The Gemini 3 Pro indicated that the proof was flawless. Another researcher used the GPT-5.2 Pro to repeatedly check the details of the proof. The AI concluded that the only area requiring rigor was the second step, which could be bypassed using the Fatu lemma and completed directly without ergodicity.

However, Terence Tao pointed out that the direction of Fatu's lemma is reversed here: I just finished teaching graduate students in measure theory, and I have seen too many errors like this.

It was then confirmed that the normal graph lemma was applied to the complement set, the direction was correct, and the proof was valid.

But Terence Tao also offered a sobering reminder.

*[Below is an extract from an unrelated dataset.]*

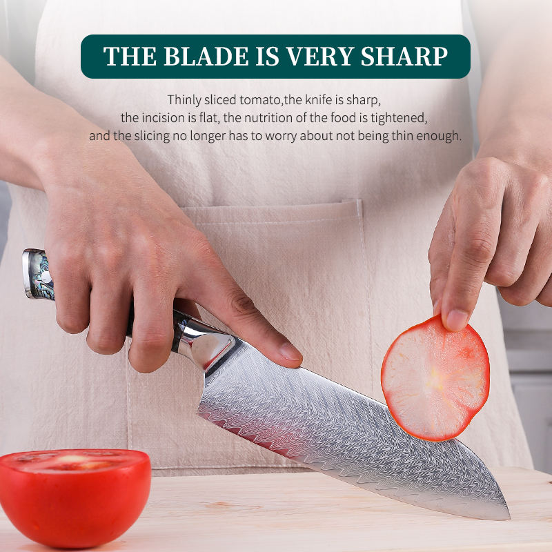 FINDKING Gorgeous Series 7 Inch Santoku Knife Custom 67 Layers Damascus Steel Blade Abalone Shell Handle Kitchen Chef Knife

He wrote:

When assessing the true success rate of AI tools, the biggest statistical bias comes from strong reporting bias, with negative results almost never being disclosed.

If someone or an AI company uses tools on an open problem but makes no progress, they have no incentive to report the negative conclusion; even if they do, it is unlikely to spread on social media as much as a positive result.

Although the vast majority of them are concentrated at the easy end of the difficulty spectrum, this does not necessarily mean that the medium-difficulty Erdős problem has entered the AI's range.

He recommended an open-source project initiated by Paata Ivanisvili and Mehmet Mars Seven, which systematically records the positive and negative results of cutting-edge large language models on the Erdős problem.

Data shows that these tools have a real success rate of only about one to two percent in dealing with the Erdős issue.

However, considering that there are more than 600 unsolved problems in the problem library, this proportion still represents a considerable and extraordinary number of AI contributions.

Reference link:

[1]https://www.erdosproblems.com/forum/thread/281

[2]https://x.com/neelsomani/status/2012695714187325745

[3]https://mathstodon.xyz/@tao/115911902186528812

This article is from the WeChat public account "Quantum Bit" , author: focusing on cutting-edge technology, published with authorization from 36Kr.

Source
Disclaimer: The content above is only the author's opinion which does not represent any position of Followin, and is not intended as, and shall not be understood or construed as, investment advice from Followin.